Звякнул хрусталь рюмок, хрустнули малосольные огурчики.
– А как поживают твои в Израиле? – спросила Ева.
– Нормально. Мать подрабатывает уборками, сестра – клерк в банке, отец занимается ремонтами.
– Это твоя мама и сестра виноваты, не терпелось им. Подождали бы еще немного – и получили бы от нас вызов, тоже уехали бы в Америку. А ты почему тогда с ними не уехал?
– Сам не знаю, – он пожал плечами. – Мне тогда и в Киеве было неплохо.
– И правильно сделал, что не поехал в Израиль, – одобрил дядя Гриша. – Израиль, конечно, наша историческая родина, но лучше всего эту родину любить, живя в Америке.
* * *
В спальне горела настольная лампа. На стене, над кроватью, два толстопузых ангелочка держали красный бант.
Михаил разделся и, выключив лампу, рухнул на кровать. Голова слегка кружилась. Он попытался хоть как-то упорядочить все услышанное и пережитое за день.
Вот – дядя Гриша, брат отца. Маленький, уставший. Отец называл его то «золотой пчелкой», то «эфиопской клячей». Потому что дядя Гриша когда-то пытался стать ювелиром, повадился носить домой перекупленное у воров золото и едва не загремел в тюрьму. Тогда отец Михаила – по праву старшего брата – увел младшего с «золотых приисков» и обучил его малярному делу. Из «золотой пчелки» дядя Гриша превратился в «эфиопскую клячу». Тащил воз, на котором сидели: двухсотпудовая Ева, дочка, зять и внук. Вот и теперь, судя по замученному виду, тащит. И не ропщет. Бьюклинская кляча.

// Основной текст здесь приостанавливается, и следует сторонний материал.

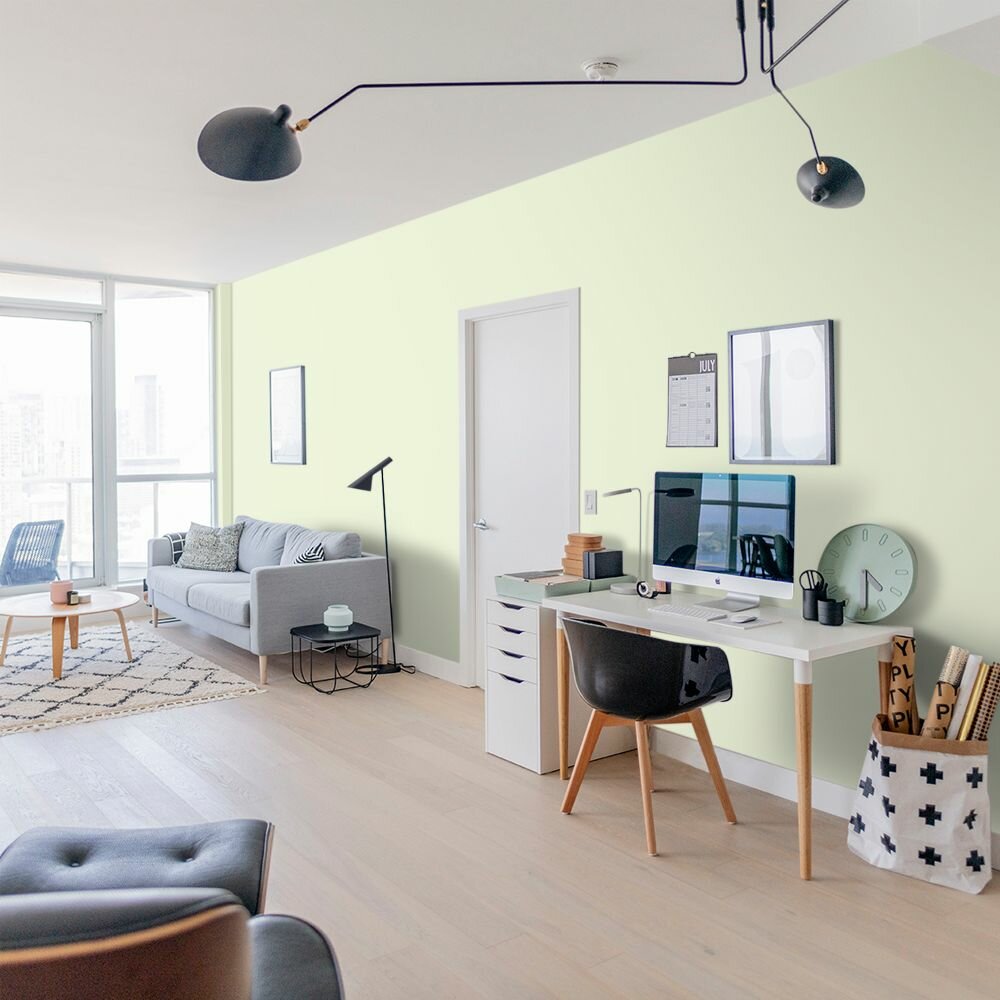 Краска моющаяся интерьерная для стен и потолков, Pollux INTERIOR без запаха, быстросохнущая, акриловая, матовое покрытие, цвет NCS S 0510-G40Y, 1л.

Они – дядя Гриша, отец, Михаил – все из одного корня. И лица у них чем-то похожи, и темно-карие глаза похожи, и голоса. Они – из клана Чужиных, и основатель их клана – дед Самуил. Он погиб в тридцать девятом году в Кемеровской области. Остановка поезда у поселка, за которым находился лагерь, и по сей день называется «517-й километр».
Михаил повернулся на бок, сладко зевнул. Спать будет до третьих петухов… И поплыл куда-то. Нет, не в Киев, а почему-то в Бершадь, в местечко под кудрявыми липами.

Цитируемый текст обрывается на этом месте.